I grant that if an investor follows the "prudent man rule", full protection against inflation will not be accomplished, but there are so many imponderables in fixing damages in wrongful death and personal injury actions that I think it would be a serious mistake to venture into the wild blue yonder of permitting "econometrists'" testimonial guesstimates of inflation. Any trial judge who has listened with amazement to a forecast by an "econometrist" knows how right Judge Lumbard was when he said that testimony on future inflation would mean that a "trial would soon be out of hand with only the sky as the limit." Since I let the evidence in during the trial of these cases which I shall not do in the future when I come to the award of damages I shall mention just how high "econometrists" can soar when turned loose on forecasting inflation. I do this to demonstrate the morass in which trials would wind up in any case involving future income or profits.

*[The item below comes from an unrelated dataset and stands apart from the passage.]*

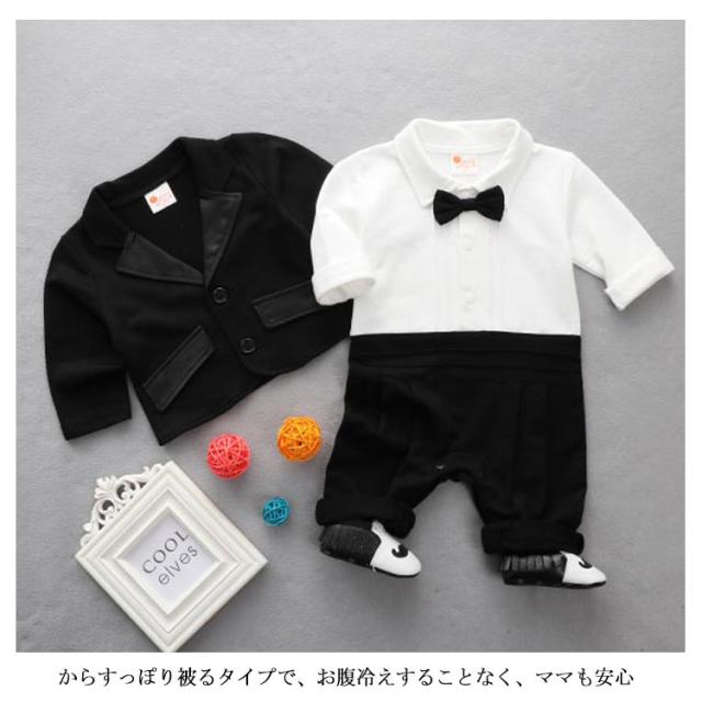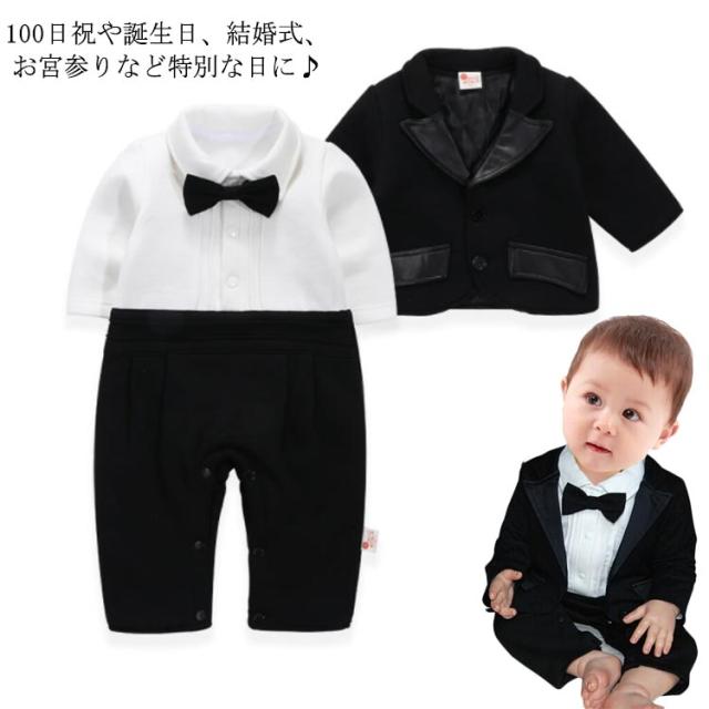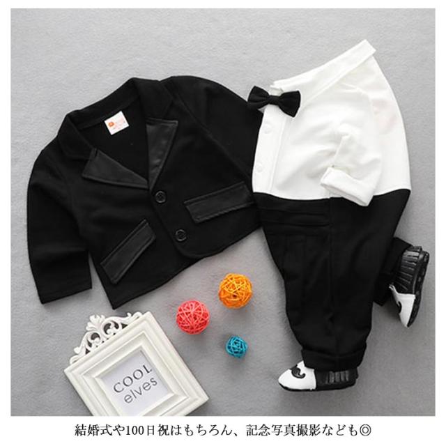 2点セット ベビー服 タキシード ベビー スーツ フォーマル 男の子 新生児 カバーオール 長袖 春 秋 コットン ロンパース お披露目 晴れ着 赤ちゃん 蝶ネクタイ ベスト 100日祝 紳士風 出産祝い お宮参り 結婚式 セレモニー 七五三 記念日 3ヶ月 6ヶ月 1歳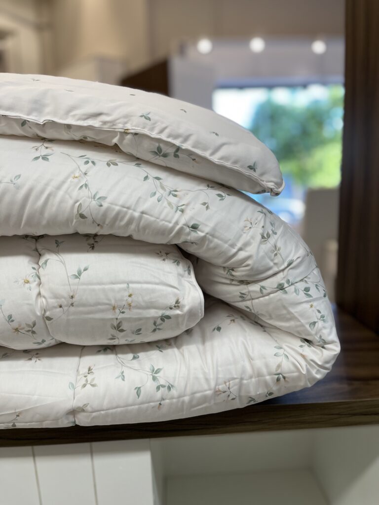 Edredom em 300 fios, 100% algodão. A estampa delicada de flores adiciona um charme sofisticado e natural ao ambiente. Ideal para quem busca qualidade, conforto e um visual refinado.

I think that much of the uncertainty in the cases has come from confusing inflation and reasonable job progression to be anticipated by a particular young employee. This is essentially the conclusion reached by the Third Circuit 485 F.2d 132 and by Judge Herman in Hoffman v. Sterling Drug, Inc., (1974) D.C.M.D.Pa., 374 F.Supp. 850, on remand after the Third Circuit's decision in the same case:

"As difficult as it might be to separate (in the actuarial sense) the earnings increase factor of a particular plaintiff from future economic trends, separate they must be. Therefore, this court concludes that at the upcoming re-trial on the merits, the plaintiff will be allowed to argue the earnings increase factor to the jury only insofar as the evidence applies to the plaintiff Clinton Hoffman. This court will not allow into evidence any testimony regarding future inflation or deflation, regardless of the foundation laid for it."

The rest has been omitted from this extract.